You are required to write a basic functional Assembler for the RCX Lego Mindstorms platform. You will process Lego Assembler (LASM) programs, producing code that will run on the RCX.

In essence, your program will:

  • Receive an RCX assembly source code as input (an .asm text file); and
  • Generate an RCX object file consisting of RCX bytecodes as output (an .rcx binary file).

You must support the following subset of the RCX2 LASM instruction set. These instructions manipulate the motors and sensors, handle conditional and unconditional jumps, and do a few other things. This subset is enough to support simple, yet functional, RCX programs.

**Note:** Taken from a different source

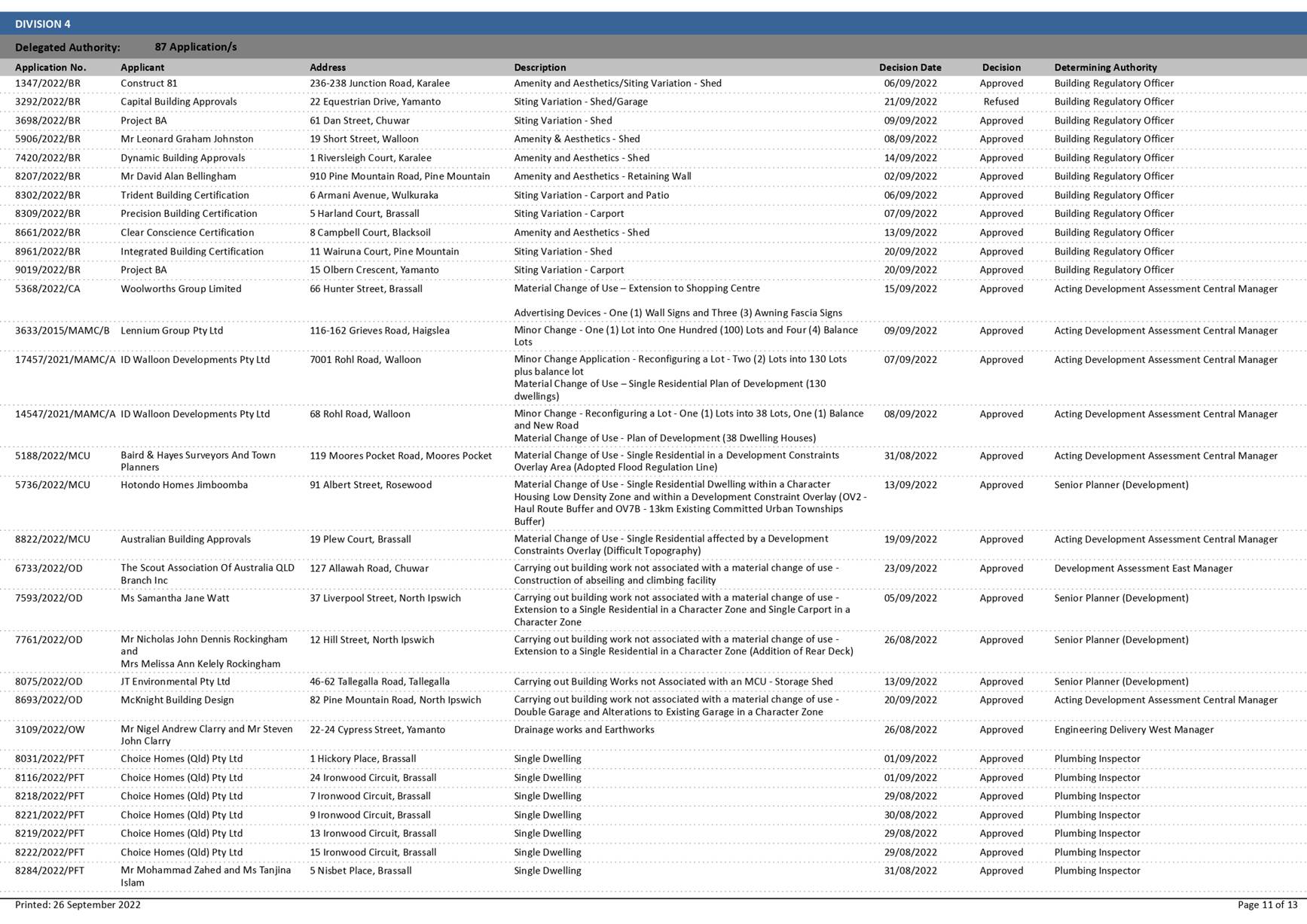 This is a report concerning applications that have been determined by delegated authority for the period 26 August 2022 to 26 September 2022.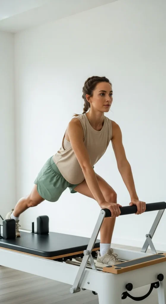 A fitted cream ribbed tank paired with chocolate brown bike shorts feels polished yet sporty. The earthy tones look sophisticated while the lightweight stretch fabrics keep you cool during core work and reformer exercises.

chk dir jmp out pwr senm sent wait

All the details of the LASM instruction set can be found in Lego's RCX2 LASM instruction set reference. An important part of approaching this project is first fully understanding the assembly code and object code formats, so work through the examples below carefully before you begin to code.

Requirements

  • Your program takes only ONE parameter, the input filename with the .asm extension. The program creates the output filename by replacing the .asm extension with the .rcx extension.
  • Both the parsing and code generation should be done during one pass over the input file.
  • Your program must correctly parse any sequence of whitespaces (separators between mnemonics, constants, numbers, etc). Valid whitespaces are: Carriage-Return (0x0D), Line-Feed (0x0A), Tab (0x09), and Space (0x20).
  • The input .asm file is case insensitive (upper or lowercase allowed). Your program must correctly assemble either case (or a mix of both).
  • Any error during assembly must be notified to the user. No need to specify the error type, just the line number where the error occurred.
  • The .rcx binary file must include an appropriate RCX image header, followed by the assembled bytecode sequence.
  • Your program must support ASM comments. In ASM, anything following a semicolon (;) is treated as a comment (for the lifespan of that line).

Useful Tips

  • Understand the problem first. Analyze the assembly listing for the sample program below (SAMPLE.LST), and derive each opcode, bytecode(s) sequence from its equivalent LASM instruction (you must operate at the bit level, using binary and hex numbers). That's exactly what your assembler program needs to do with each instruction.
  • Remember that you are not required to write an RCX program in the LASM language. You are required to assemble one using the assembler tool that you write. Of course, you need to have a few ASM files available for testing. You can start with the SAMPLE.ASM file given below (which includes all instructions to support), and modify a few parameters here and there to check for correctness, at least partially.
  • Note that writing an Assembler implies that you don't need to know how to use each LASM instruction in an RCX program (therefore, don't need to know the internals of the RCX virtual machine). You rather need to know how to encode an instruction into an equivalent bytecode sequence (an opcode, followed by zero or more bytecodes which encode the various parameters). Use the RCX2 LASM instruction set reference for this.
  • The NQC compiler has an assembly listing feature. Do NOT rely on this feature of the NQC compiler to determine the syntax of a LASM instruction. NQC's assembly listings omits parameters for some instructions, or takes them for granted. Again, obtain the correct syntax for each LASM instruction using the official Lego RCX2 LASM instruction set reference.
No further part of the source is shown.